───── Material provided ─────

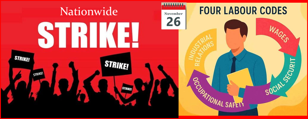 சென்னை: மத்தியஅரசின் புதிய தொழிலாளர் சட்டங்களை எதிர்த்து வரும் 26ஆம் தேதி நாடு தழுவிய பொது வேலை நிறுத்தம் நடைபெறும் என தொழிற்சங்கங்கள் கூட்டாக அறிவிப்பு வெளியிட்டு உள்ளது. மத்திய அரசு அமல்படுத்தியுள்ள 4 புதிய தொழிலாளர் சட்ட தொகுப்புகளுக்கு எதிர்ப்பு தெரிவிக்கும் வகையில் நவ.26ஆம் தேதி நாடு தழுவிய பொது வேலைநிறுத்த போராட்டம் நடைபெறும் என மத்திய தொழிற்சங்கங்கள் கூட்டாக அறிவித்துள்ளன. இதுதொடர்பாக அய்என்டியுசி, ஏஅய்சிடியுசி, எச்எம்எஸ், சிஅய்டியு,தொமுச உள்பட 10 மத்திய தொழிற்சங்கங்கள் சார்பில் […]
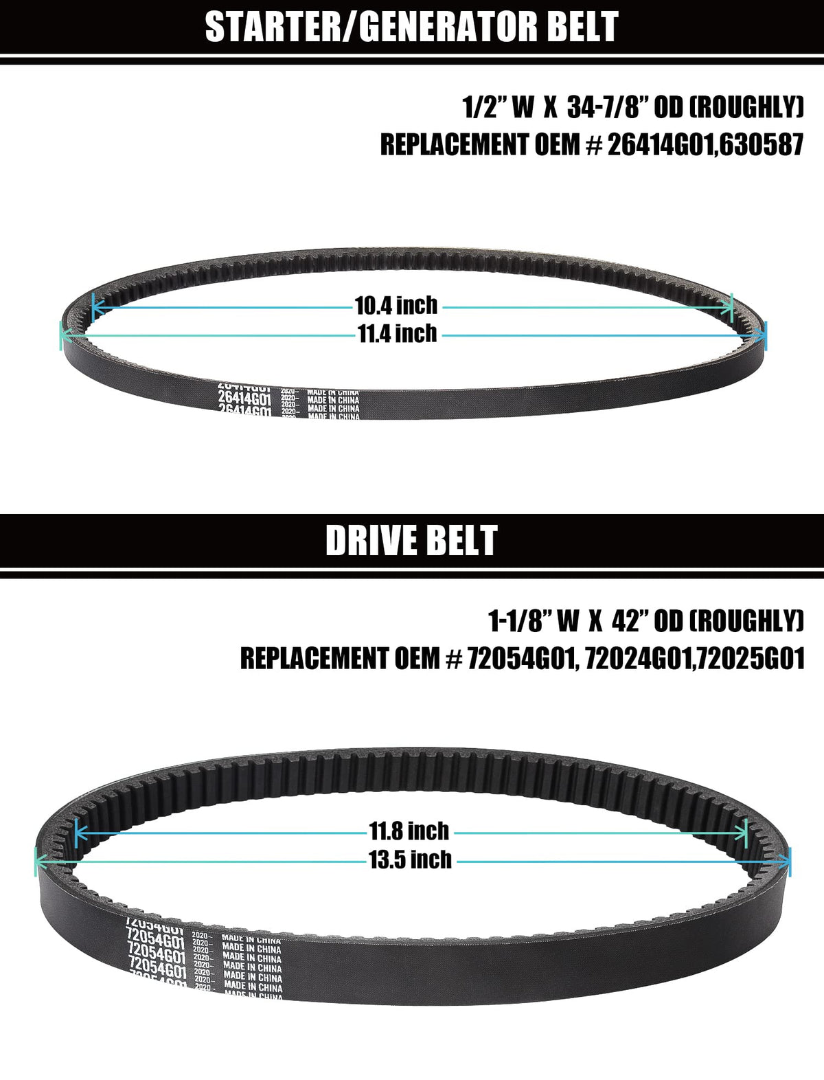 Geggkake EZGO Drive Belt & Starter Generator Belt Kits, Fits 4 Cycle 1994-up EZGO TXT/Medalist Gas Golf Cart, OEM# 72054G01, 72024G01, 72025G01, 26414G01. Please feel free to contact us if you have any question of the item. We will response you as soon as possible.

─────
───── Material provided ─────

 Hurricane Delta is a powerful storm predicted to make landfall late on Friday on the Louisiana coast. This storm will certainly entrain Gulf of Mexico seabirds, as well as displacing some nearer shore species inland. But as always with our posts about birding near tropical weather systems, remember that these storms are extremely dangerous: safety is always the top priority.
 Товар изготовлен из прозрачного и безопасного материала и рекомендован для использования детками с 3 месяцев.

─────
───── Material provided ─────

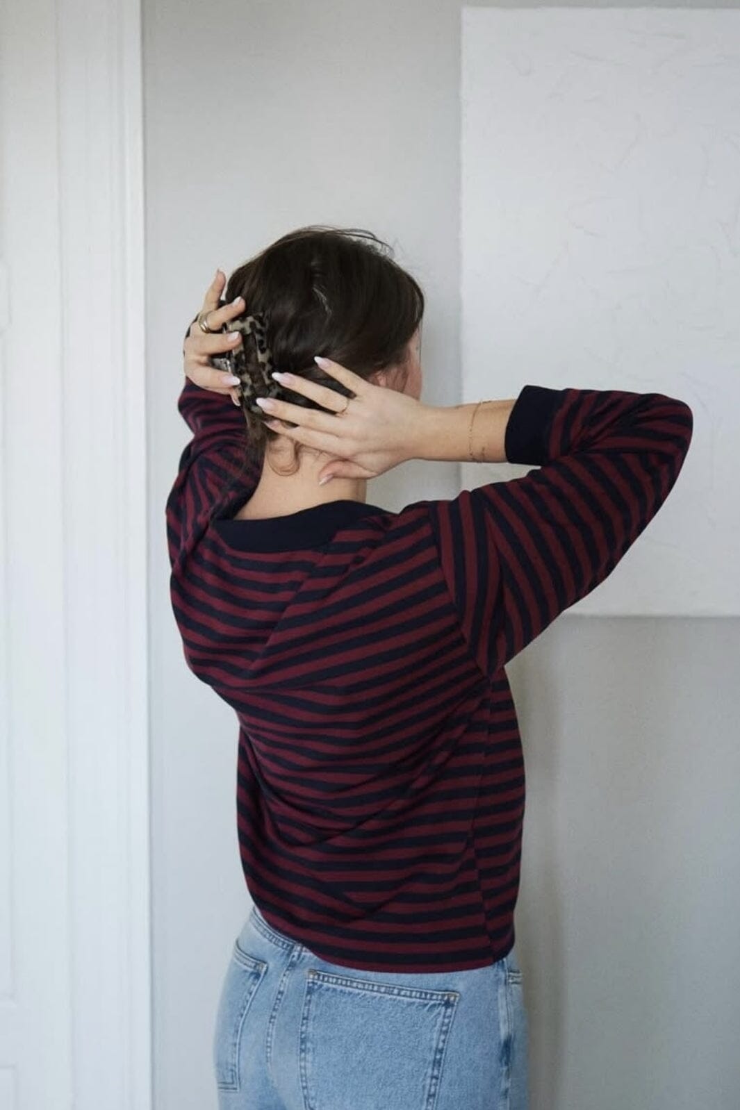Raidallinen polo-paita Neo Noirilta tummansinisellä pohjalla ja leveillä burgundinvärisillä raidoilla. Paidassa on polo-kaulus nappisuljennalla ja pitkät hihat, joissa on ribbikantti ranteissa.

─────

Brief:
In the listing above, find the line with "Hurricane Delta is" and the line with "Товар изготовлен из"; set down exactly those two lines and every line between them, nothing more.

Answer box:
 Hurricane Delta is a powerful storm predicted to make landfall late on Friday on the Louisiana coast. This storm will certainly entrain Gulf of Mexico seabirds, as well as displacing some nearer shore species inland. But as always with our posts about birding near tropical weather systems, remember that these storms are extremely dangerous: safety is always the top priority.
 Товар изготовлен из прозрачного и безопасного материала и рекомендован для использования детками с 3 месяцев.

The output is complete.